On recommendation from @mtnygard and others, I have acquired a copy of How Buildings Learn (Stewart Brand, 1994). Highlights so far:
Buildings are designed not to adapt, but they adapt anyway, because the usages are changing constantly. “The idea is crystalline, the fact fluid.” They’re designed not to adapt because “‘Form ever follows function’ … misled a century of architects into believing that they could really anticipate function.”
We think of buildings as static, because they change at a timescale slower than our notice. They change over generations. Humans operate at some natural timescale, and we see things slower as unchanging, and things faster as transient, insignificant. We are uncomfortable with change in stuff we think of as permanent, like buildings or culture or language. It isn’t permanent, just slower than us.
A jar of honey on its side will leak. The lid doesn’t trap the honey, just slows it down. Imperceptible movement is invisible, until the whole cupboard is sticky.

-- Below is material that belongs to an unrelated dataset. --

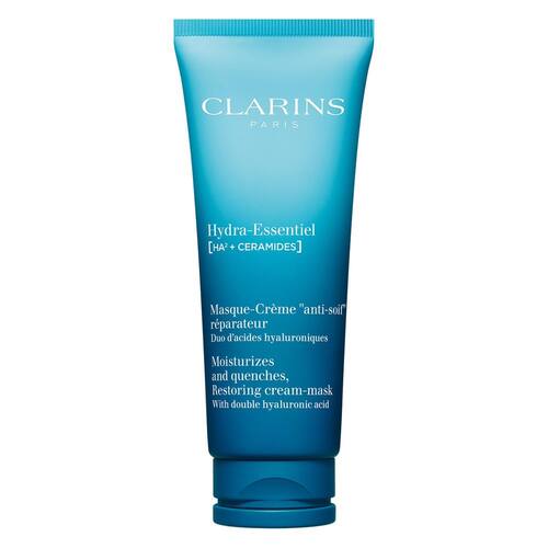 NOVA máscara facial Hydra-Essentiel da Clarins | Máscara facial hidratante | Pele visivelmente mais volumosa + 24 horas de hidratação* | Revive o brilho | Dose dupla de ácido hialurônico | Suaviza visivelmente | Todos os tipos de pele | 2,5 onças - Obtenha uma pele visivelmente mais volumosa após 1 aplicação* e hidratação de 24 horas** com esta máscara facial supersaciante. Formulado com uma dose dupla de ácido hialurônico para reter a umidade.

Software’s pace of change can be unnaturally fast, the opposite of buildings. That makes people uncomfortable. Updating buildings, “we deal with decisions taken long ago for remote reasons.” In software, “long ago” might be last year.
As usages change, so must our environs, in brick and in computers.
What changes faster than usages? Fashion. “Buildings are treated by fashion as big, difficult clothing, always lagging embarrassingly behind the mode of the day. This issue has nothing to do with function.” The latest hot tech may not improve on the value of your legacy software. “The meaningless change of fashion often obstructs necessary change.”